Even when patients are symptomatic, clinicians may not necessarily know to look for M genitalium. “Clinicians are less familiar with M genitalium infection than they are with other, more common STIs that they have experience treating or learned about in medical school,” Dr Adalja said. “But M genitalium has a high enough prevalence in certain contexts that it’s something we don’t want to ignore.”
Diagnostic Techniques and Challenges
According to Dr Adalja, M genitalium infection should be considered in men with symptoms of urethritis — similar to the symptoms observed in chlamydia and gonorrhea. “M genitalium is the second most common cause of urethritis, and it has been definitively studied in men.
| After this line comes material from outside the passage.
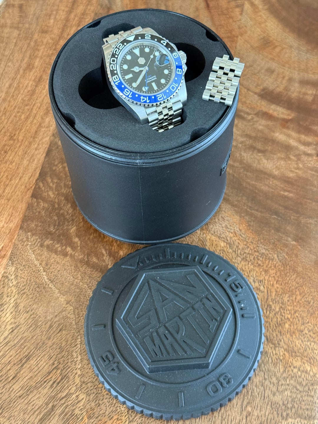 ![[WTS] San Martin GMT Master II Batman Homage. Excellent Condition. US Seller. 7](https://cdn-cf.watchpatrol.net/600x600/img/full/d02e8c28d3bae5705af67e2c76f943e3878af593.jpg)

You would especially want to test men who didn’t get better after the first course of antibiotics, because M genitalium is frequently resistant to antibiotics that are commonly used to treat STIs,” Dr Adalja said.
Dr Goje also suggests testing for M genitalium in women with persistent symptoms of cervicitis, particularly in women who have not responded to empiric antibiotic therapy for chlamydia and gonorrhea and have tested negative for these pathogens.
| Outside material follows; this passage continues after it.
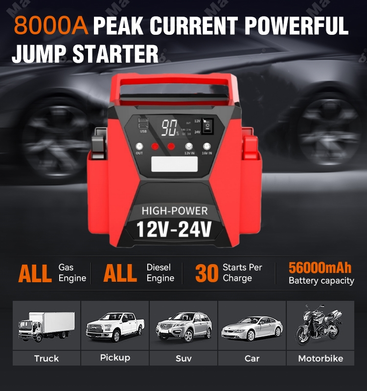 STARWELL introduces its high-performance 12V/24V Car Jump Starter Intelligent Battery Charger, a game-changer for vehicle owners seeking reliability and intelligence in battery maintenance and emergency starting. Equipped with an 8000A peak current and 4000A start current, this dual-voltage intelligent battery charger combines robust power with smart technology, making it suitable for all gas engines and diesel engines up to 15L, covering cars, trucks, RVs, motorcycles, boats, and even heavy-duty commercial vehicles.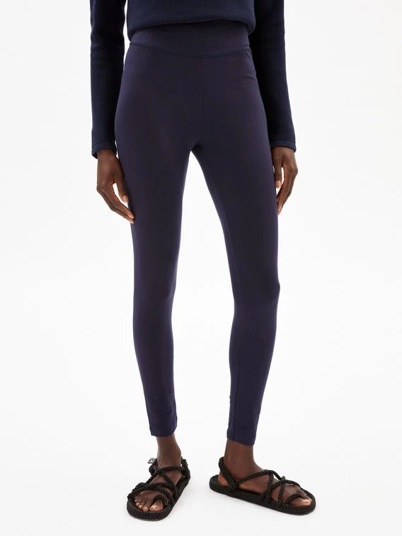 Die Leggings aus der ARMEDANGELS “Faribaa” Kollektion verzaubert mit angenehmen Tragekomfort aus nachhaltig produzierter Baumwolle. Der breite Bund schmiegt sich perfekt an die Silhouette an, ohne einzuschneiden. Kombiniert mit dem passenden Shirt, entsteht ein bequemes Set für leichte Yoga-Einheiten oder zum Relaxen.

Testing for M genitalium, however, can be cumbersome and time-consuming because M genitalium is a slow-growing organism.3 “Isolating and culturing M genitalium is not feasible when there is a need to institute immediate antimicrobial therapy,” Dr Goje said.
“While there is no FDA-approved test for M genitalium, nucleic acid amplification test (NAAT) is the preferred technique,” Dr Goje said. NAAT uses polymerase chain reaction (PCR) and can be performed on multiple sample types, including urethral, vaginal, and cervical swabs; urine; and endometrial biopsies.
However, NAAT for diagnosing M genitalium uses assays that were developed for the research setting and, as a result, NAAT is only available in reference labs — usually at large university hospitals. “If you’re in a small hospital, you have to know where you can get the testing done, and which hospitals are doing it in research settings,” Dr Adalja said. “It’s not something that you would find readily available.”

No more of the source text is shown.